Higher-order topological insulators in a magnetic field

TL;DR

This paper explores higher-order topological insulators in a 2D SSH model under a magnetic field, revealing a wide gap at π flux that hosts HOTI phases, characterized by entanglement polarization, with potential HOTI existence even in weak fields.

Contribution

It demonstrates the presence of HOTI phases in a 2D SSH model under magnetic flux, especially around π flux, using entanglement polarization for characterization.

Findings

A wide gap around π flux hosts HOTI phases.

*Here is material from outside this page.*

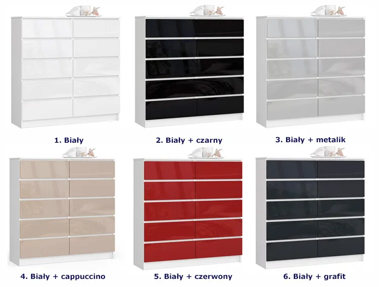 - Dziesięć pojemnych szuflad do przechowywania.

HOTI can exist in small gaps even under weak magnetic fields.

Entanglement polarization effectively characterizes HOTI under magnetic fields.

Abstract

Two-dimensional (2D) generalization of the Su-Schriffer-Heeger (SSH) model serves as a platform for exploring higher-order topological insulators (HOTI). We investigate this model in a magnetic field which interpolates two models studied so far with zero flux and $\pi$ flux per plaquette. We show that in the Hofstadter butterfly there appears a wide gap around the $\pi$ flux, which belongs to the same HOTI discovered by Benalcazar-Bernevig-Hughes (BBH). It turns out that in a weak field regime HOTI could exist even within a small gap disconnected from the wider gap around $\pi$ flux. To characterize HOTI, we employ the entanglement polarization (eP) technique which is useful even if the basic four bands split into many Landau levels under a magnetic field.